Single-atom alloys (SAAs), with twin advantages of alloys and single-atom catalysts, have emerged as an innovative class of electrocatalysts. This uniqueness is expected to achieve unattainable catalytic performance but simultaneously gives rise to the absence of guidelines for designing desired SAAs. Herein, we proposed a fundamental principle, single-atom saturation (S SA), to quantify the binding strength of different intermediates on SAAs, enabling the rapid and qualitative evaluation of the catalytic activity across various reactions.

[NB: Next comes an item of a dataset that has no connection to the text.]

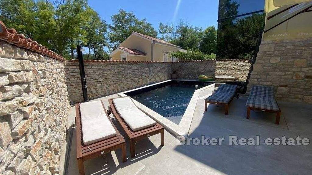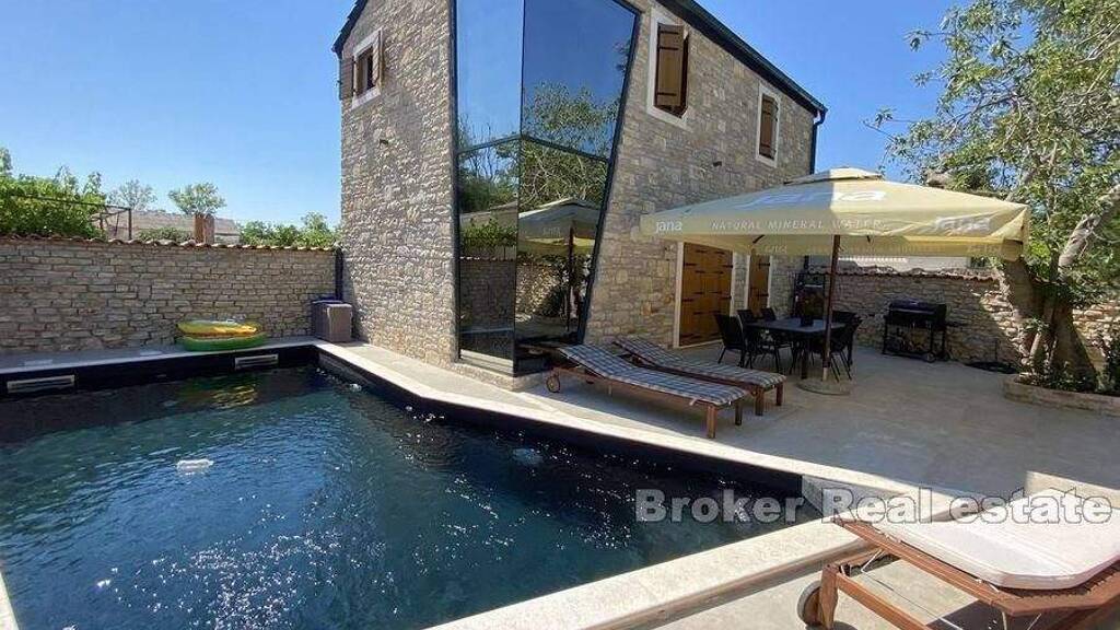 Das Anwesen ist aus renommierten Materialien wie Stein aus der Kaserne von 1905 gebaut, der mit reflektierendem Glas kombiniert wird, das den Innenraum verbirgt. Bei der Dekoration des Innen- und Außenbereichs des Hauses wurden Materialien von außergewöhnlicher Qualität verwendet. Die Türen und Fenster sind aus sibirischer Kiefer, für den Türrahmen wurde echter weißer Stein verwendet, der zur Isolierung und der Wandstärke von 54 cm beitrug, während für die Innentreppe massive Eiche verwendet wurde. Das Haus mit einer Gesamtwohnfläche von 102m2 besteht aus einer Küche, einem Esszimmer, zwei Schlafzimmern und zwei Badezimmern. Das Anwesen ist mit einer mechanischen Fußbodenheizung mit zusätzlichen 3 Klimaanlagen ausgestattet. Das Haus verfügt über einen 23 m großen Swimmingpool mit dunkler Oberfläche für zusätzlichen Effekt und eine regulierbare Wärmepumpe.

S SA is rationalized by combining the variation of electronic structure (d electron occupancy saturation) and geometrical structure (coordination saturation) of the single guest atom as well as the effect of the host atom type and the intermediate adsorption configuration. Based on the insights given by S SA, Pd1Cu(111), Ru1Cu(111), Ir1Ag(111), Pt1Ag(111), and Pt1Cu(111) are predicted to possess excellent activity for CO2 reduction, N2 reduction, O2 evolution, O2 reduction, and H2 evolution reactions, respectively, most of which are supported by reported experiments. Moreover, S SA is also applicable to nitrogen-doped graphene-supported single-atom catalysts (SACs) with ultrahigh accuracy. In general, single-atom saturation is a concise, interpretable, and universal descriptor that deciphers the structure-activity relation of SAAs across various reactions, where the insights revealed also offer a simple and fundamental principle for the design of excellent single-atom-site catalysts.